● What you should do
Starting from the line containing "想いのこもった人形を丁寧に供養", give again every line through the end of the entries, word for word. Pictures stay out of the copy.

Saved data entries:

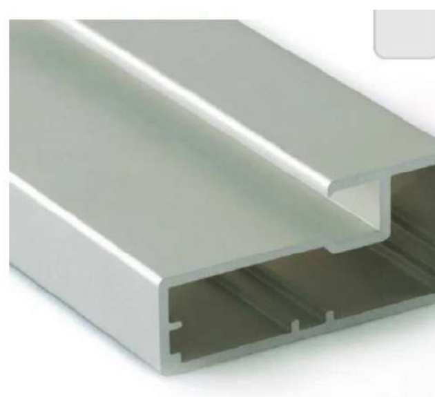
Широкий ал. профиль
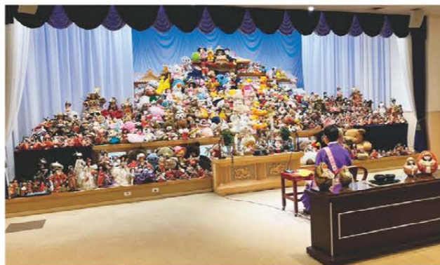
想いのこもった人形を丁寧に供養

虹のホール三雲は7月17日、人形供養祭を行い、人形やぬいぐるみなど約1,200体を供養しました。この供養祭は不定期開催しており、地域住民をはじめ多くの方が愛着のある人形にお別れをするため訪れました。
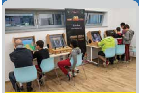
La sala giochi di BOOM

Quattro giorni di proposte per tutte le generazioni, che hanno portato alla Casa della Cultura Italo Calvino un pubblico numeroso e vario da Calderara, Bologna e da tutta l'Area Metropolitana. BOOM Cantiere Creativo Calderara dal 24 al 27 ottobre ha esplorato il tema del gioco e lo ha fatto vivere ai partecipanti da diversi punti di vista con incontri, laboratori, spettacoli, mostre, installazioni. Curato da Cronopios, il festival BOOM - alla sua seconda edizione - rappresenta la sintesi delle attività che durante tutto l'anno si svolgono alla Casa della Cultura.

● Reply to the exercise
想いのこもった人形を丁寧に供養

虹のホール三雲は7月17日、人形供養祭を行い、人形やぬいぐるみなど約1,200体を供養しました。この供養祭は不定期開催しており、地域住民をはじめ多くの方が愛着のある人形にお別れをするため訪れました。
La sala giochi di BOOM

Quattro giorni di proposte per tutte le generazioni, che hanno portato alla Casa della Cultura Italo Calvino un pubblico numeroso e vario da Calderara, Bologna e da tutta l'Area Metropolitana. BOOM Cantiere Creativo Calderara dal 24 al 27 ottobre ha esplorato il tema del gioco e lo ha fatto vivere ai partecipanti da diversi punti di vista con incontri, laboratori, spettacoli, mostre, installazioni. Curato da Cronopios, il festival BOOM - alla sua seconda edizione - rappresenta la sintesi delle attività che durante tutto l'anno si svolgono alla Casa della Cultura.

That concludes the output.